Я уже говорил, что стал стопроцентным сюрреалистом. Радея о чистоте совести, я решил довести свой эксперимент до логического конца. Я был готов действовать с таким средиземноморским параноидальным лицемерием, на которое, по своей порочности, был способен только я. Мне необходимо было в то время совершить максимум грехов, несмотря на то, что я был под глубоким впечатлением от поэмы "Иоанн Креститель", которую слушал во вдохновенном исполнении Гарсиа Лорки. Я предчувствовал, что тема религии позднее войдет в мою жизнь. Подражая Св. Августину, который не отказывал себе в оргиастическиких наслаждениях и распутстве и одновременно возносил молитвы к Господу, я взывал к небесам, приговаривая: "Ну, еще чуть-чуть…" Прежде чем моя жизнь стала такой, как сейчас,- примером аскетизма и добродетели, я держался за свой иллюзорный сюрреализм полиморфного искажения, стремясь продлить его хоть на несколько мгновений, подобно спящему, пытающемуся удержать последние минуты дионисийского сна. Ницшеанский Дионис, как терпеливый наставник, сопровождал меня повсюду, и я не заметил, как на его руке появилась повязка со свастикой.

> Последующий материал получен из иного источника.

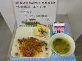 4月23日(金) 献立名 ・カレースープスパゲッティ ・キャベツのピクル...
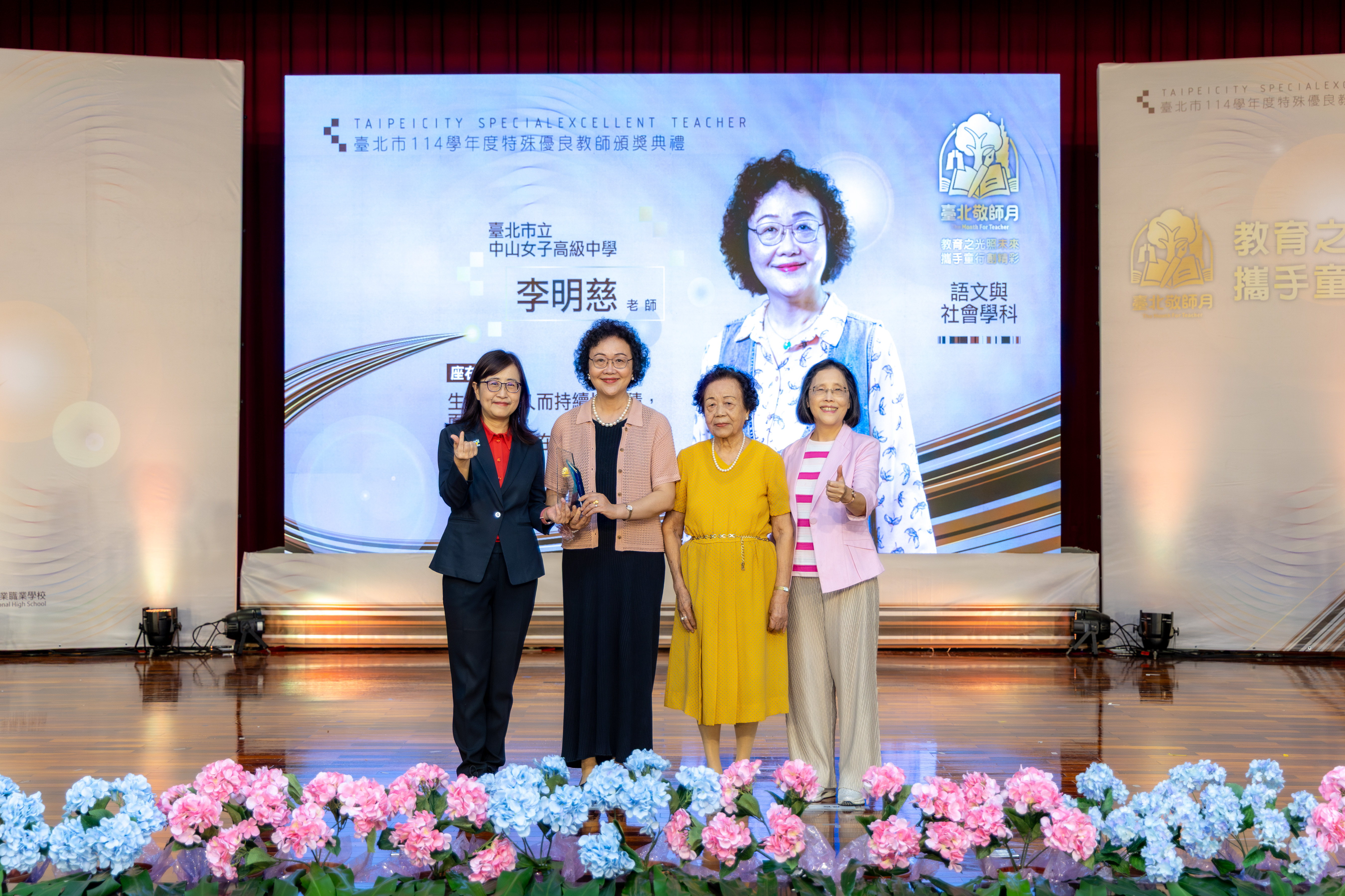 李明慈(左二)曾兩度獲得教育部教學卓越獎金質獎,並獲得2025年師鐸獎。
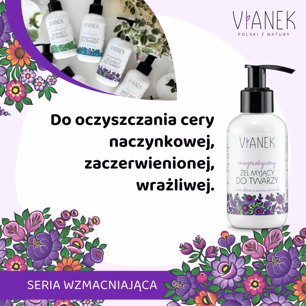 Delikatny żel enzymatyczny do oczyszczania cery naczynkowej, zaczerwienionej i wrażliwej. Dokładnie usuwa resztki makijażu, nadmiar sebum i inne zanieczyszczenia twarzy. Dodatkowo delikatnie złuszcza martwy naskórek, redukuje zaczerwienienia.
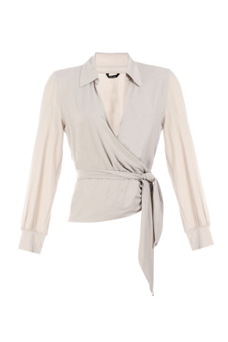 The wrap-style viscose beige shirt is asymmetrically designed. You can tie the belt in various ways and adjust it to your liking. It's easy to combine with different pieces.

Я никогда не мешал своему богатому и гибкому воображению приносить самые неожиданные плоды. Но они служили лишь подтверждением врожденного безумия. Вот почему я достиг большого успеха даже тогда, когда был лишь частью сюрреалистического движения, каждодневно завоевывая признание своей идеи или образа, который якобы "сюрреалистической манере" не соответствовал. В действительности, я предпочитал поступать против их желаний. Им не нравились анальные зоны — я старался надуть их и изобразить множество таковых, в основном в макиавеллевском духе, тщательно вуалируя. Если я создавал сюрреалистический "объект", в котором фантазии подобного рода отсутствовали, то символическая его функция носила анальный характер. Чистому и пассивному автоматизму я противопоставил активный импульс своего метода параноико-критического анализа. К тому же я противопоставлял энтузиазм Матисса, абстрактные тенденции и ультрарегрессивную разрушительную манеру Мейссонье. Чтобы внести изменения в мир обычных бытовых форм, я занялся созданием предметов быта "в стиле 1900" годов, образцы которого коллекционировали мы с Диором; увиденные "новым взглядом", они когда-нибудь вернутся к нам.
Тогда же, когда Бретон ничего не хотел слышать о религии, я стремился, разумеется, создать новую религию, которая будет одновременно садистской, мазохистской и параноической. Идея этой религии пришла мне в голову после чтения работ Огюста Конта. Может быть сюрреалисты смогут достичь того, чего не смогли добиться философы. Но прежде всего я должен был привлечь к мистицизму будущего верховного жреца новой религии — Андрэ Бретона. Я пытался объяснить ему, что идеи, которые мы проповедуем, верны, но их необходимо дополнить элементами мистического и религиозного характера. Я полагал, что теперь мы вернемся к концепции апостольской романо-католической религии, которая постепенно начала завладевать мною. Бретон с улыбкой принял мои объяснения и посоветовал обратиться к Фейербаху, философия которого, как мы теперь знаем, грешит идеалистическими недостатками, но тогда мы не понимали этого.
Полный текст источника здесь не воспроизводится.